So I came back in 2000 thinking about my retirement and in 2000 I still had nine years to go.  But one of the mistakes men make in particular is that we actually don’t think about retirement until it’s too late.  You wake up one day and say, oh my god, I’m 65 or 70 years old now what do I do, and you look around for some help and the men around you they can’t help you any more than they can help themselves, and the women, they say I’ve been trying to tell you that for 10 years and you don’t listen to me! You don’t listen, you never listen!  So we all struggle with that as we go through our life.  So I decided to be ahead of the game.

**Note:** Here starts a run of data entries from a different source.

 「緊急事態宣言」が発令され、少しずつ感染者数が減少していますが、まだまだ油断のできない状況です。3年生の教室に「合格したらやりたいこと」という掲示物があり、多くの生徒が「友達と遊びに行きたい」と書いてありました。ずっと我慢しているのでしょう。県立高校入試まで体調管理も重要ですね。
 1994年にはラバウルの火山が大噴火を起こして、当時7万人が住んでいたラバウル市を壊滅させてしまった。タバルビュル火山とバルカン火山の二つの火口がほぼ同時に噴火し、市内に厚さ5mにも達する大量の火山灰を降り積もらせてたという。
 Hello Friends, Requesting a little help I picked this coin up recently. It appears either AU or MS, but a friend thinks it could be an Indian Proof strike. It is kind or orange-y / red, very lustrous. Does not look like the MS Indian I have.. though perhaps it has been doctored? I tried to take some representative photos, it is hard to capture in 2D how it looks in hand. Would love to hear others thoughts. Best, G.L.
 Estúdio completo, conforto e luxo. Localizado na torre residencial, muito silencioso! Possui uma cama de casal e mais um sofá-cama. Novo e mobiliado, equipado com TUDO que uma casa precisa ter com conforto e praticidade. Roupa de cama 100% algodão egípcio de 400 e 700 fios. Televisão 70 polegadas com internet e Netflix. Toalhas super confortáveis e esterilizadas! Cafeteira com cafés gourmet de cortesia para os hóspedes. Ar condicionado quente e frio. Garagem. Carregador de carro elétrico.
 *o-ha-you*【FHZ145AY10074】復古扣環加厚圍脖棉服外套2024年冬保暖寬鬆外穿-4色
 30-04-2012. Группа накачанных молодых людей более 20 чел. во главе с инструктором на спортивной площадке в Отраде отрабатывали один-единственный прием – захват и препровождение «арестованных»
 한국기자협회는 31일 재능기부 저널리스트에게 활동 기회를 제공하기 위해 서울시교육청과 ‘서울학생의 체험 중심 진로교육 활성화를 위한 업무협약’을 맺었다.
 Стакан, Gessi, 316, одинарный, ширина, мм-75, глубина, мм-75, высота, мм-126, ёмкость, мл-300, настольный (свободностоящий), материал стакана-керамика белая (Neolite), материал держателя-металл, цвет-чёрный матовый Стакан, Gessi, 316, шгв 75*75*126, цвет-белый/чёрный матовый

I came here in 2000 with the idea that if zinfandel wine actually originated in Croatia, what if I were to bring the wine, the vines from California and actually started to be a vintner here and become a wine maker when I retire someday.  I knew you needed lead time to do that, so that’s what I came to do.  I couldn’t find any vineyard land, but I did find a home.  That’s actually, for those of you if you look out that window, that’s my view, as two properties down that’s my house.  At one time it was known as the most popular bar in this part of the world, the Splendid Bar.  It was a strip disco, so you can imagine why it was …  It doesn’t do that anymore.  And if you want to get excited, it’s just me stripping to go to bed, it isn’t very exciting.  Trust me.

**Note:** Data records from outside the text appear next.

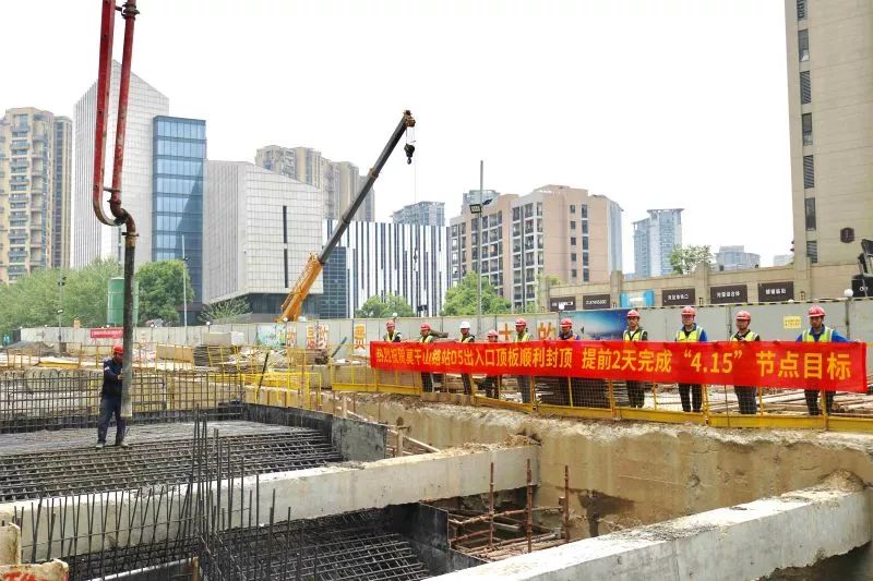 近日中铁一局五公司杭州地铁5号线7标莫干山路站D5出入口最后一块顶板混凝土顺利浇筑完成。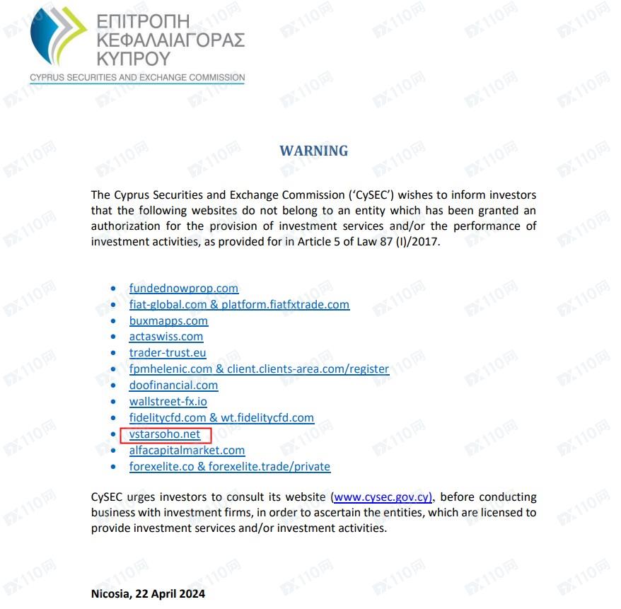 經查詢,塞浦路斯CySEC 409/22對應公司名稱確實為VSTAR & SOHO MARKETS LTD,但登記網址為www.sohomarkets.eu和www.vstarprime.com,vstarsoho.net與VSTAR & SOHO MARKETS LTD無任何關聯,顯然是套牌監管的虛假平臺。
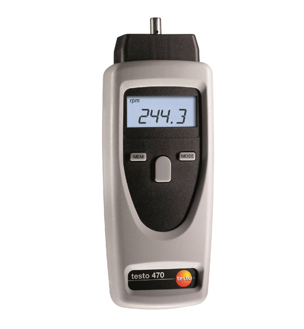 testo 470 精密型光學/機械轉速測量儀,包含保護軟套,反射貼,適配器,探頭尖端,表面轉速盤0.1 m和6"",電池,儀器箱和出廠報告。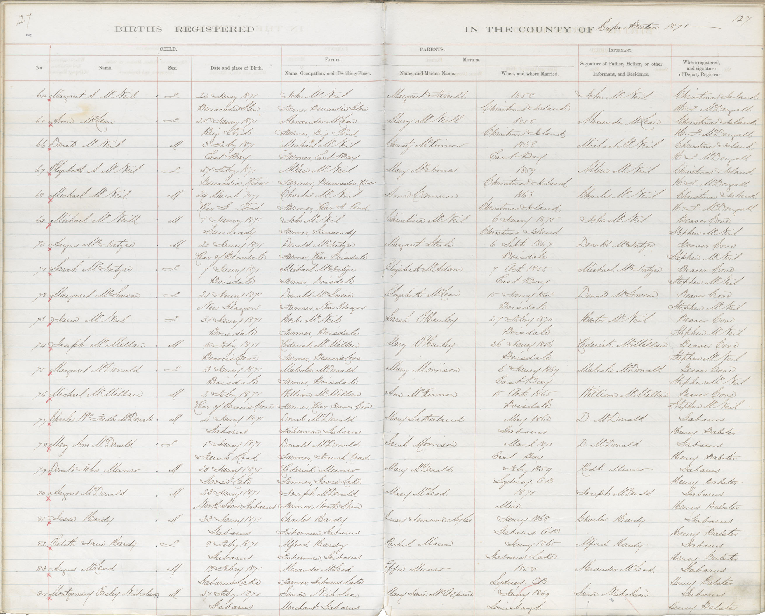 Male Birth Registration: Year: 1871 book: 1803 page: 127 number: 77

So the house was for sale and I said you know what, I think it is worth a shot.  I thought about it.  It was very expensive at the time.  I said the down side is that I could lose half my money.  The issue I had at that point in time, if you could back to where I call myself a maybe pioneer, is that Milosevic was still in power in Serbia and the question was, was the civil wars over or is this thing going to boil back over again. Remember Kosovo had just ended.  There were a lot of issues.  We were going from the Clinton administration into the Bush administration.  People weren’t exactly sure what was going to happen in this region.  I said the worse case I could lose half my money, but you can’t buy a view like this in a city like this.  And that’s the gamble I took back in 2000.  It took me six years to complete the house and I learned how to work here in Croatia under Croatian rules.

You have to understand that this is a country that probably for the modern time for the last 300 years, I would think that the greatest influence came from the Austro-Hungarian empire.  They keep records.  They keep records of everything.  On one of my vineyards, we found a bunker and a little barracks all old and destroyed and in the war museum in Vienna it says it was built in 1823. It tells you what it looked liked and who was there.  It’s all there in the records.  And they also said you have to have rules.  Strict rules.  And in this country there are really strict rules about how you do things.

Keep in mind that in Dubrovnik, in I think the 13th century, a lot of the homes were built out of wood.  They had a massive fire and they changed the building codes.  They said you could no longer build out of wood, you had to build out of stone.  Well they didn’t have enough stone in the old city.  What they did for all the people selling their goods, they said you can come into the old city to sell your goods, but you’ll now have to pay an entrance fee.  Two stones.  And they collected millions of stones to build the houses again.  That’s how they got their stones to recreate the Old City.

The problem is that part of the Stradun was filled in because there was a bay right there and other parts were filled in.  In 1667 when the earthquake came, people don’t realize that when you do that, that the earth and what you have filled in, unless you have deep piles drilled into the ground, will actually liquefy.  And it did.  And that’s why so many people died in 1667, because the buildings collapsed on them.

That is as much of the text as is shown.